Dr. Weber war ein
einfühlsamer Arzt. Vor allen Dingen konnte er zuhören. Schon nach den ersten
Worten wusste er, dass Andrea Kiefer nicht allein wegen gesundheitlichen Störungen
zu ihm kam, sondern seine Hilfe benötigte. Sie fühlte sich einer schwierigen
Situation ausgesetzt und war nicht in der Lage, ihre Probleme allein zu
bewältigen.
Zum ersten Mal äußerte sich Andrea Kiefer über Dinge, die sie bisher nicht
auszusprechen wagte. Sie befürchtete, sich lächerlich zu machen. Es waren nur
Vermutungen. Nichts Fassbares, keine Beweise. Die Kollegen schienen sie zu
meiden. Wenn sie einen Raum betrat, verstummten die Gespräche. Sie wurde nicht
mehr wahrgenommen, man grüßte sie nicht mehr.

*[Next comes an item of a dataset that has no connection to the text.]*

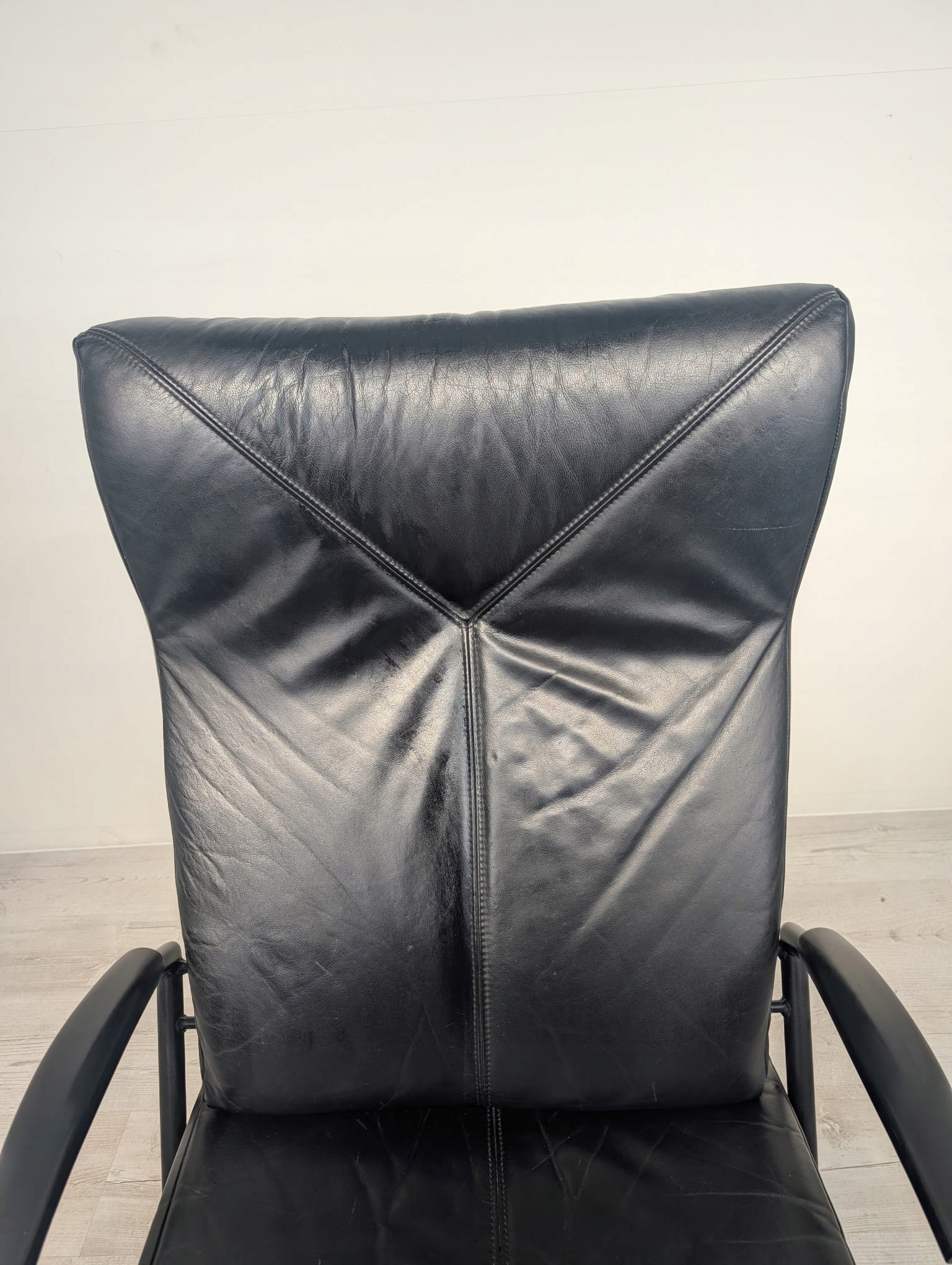 Шкіряний шезлонг на масивному металевому каркасі, оббитий чорною натуральною шкірою.

Sie hatte das Gefühl, es würde
über sie getuschelt. Aber was? Und warum? Es war wie ein Phantom, gegen das sie
sich nicht wehren konnte.
Zu dieser Zeit fingen die Asthmaanfälle an. Sie fühlte sich elend und konnte
nichts dagegen tun. Ihr Konzentrationsvermögen litt. Aus Angst Fehler zu machen,
strengte sie sich besonders an. Sie hatte das Gefühl, ständig unter Druck zu
stehen. Sie war nervös, schrie wegen Lappalien ihre Tochter an. Einmal glitt ihr
sogar die Hand aus, was sie sofort bereute. Sie kannte sich selbst nicht mehr.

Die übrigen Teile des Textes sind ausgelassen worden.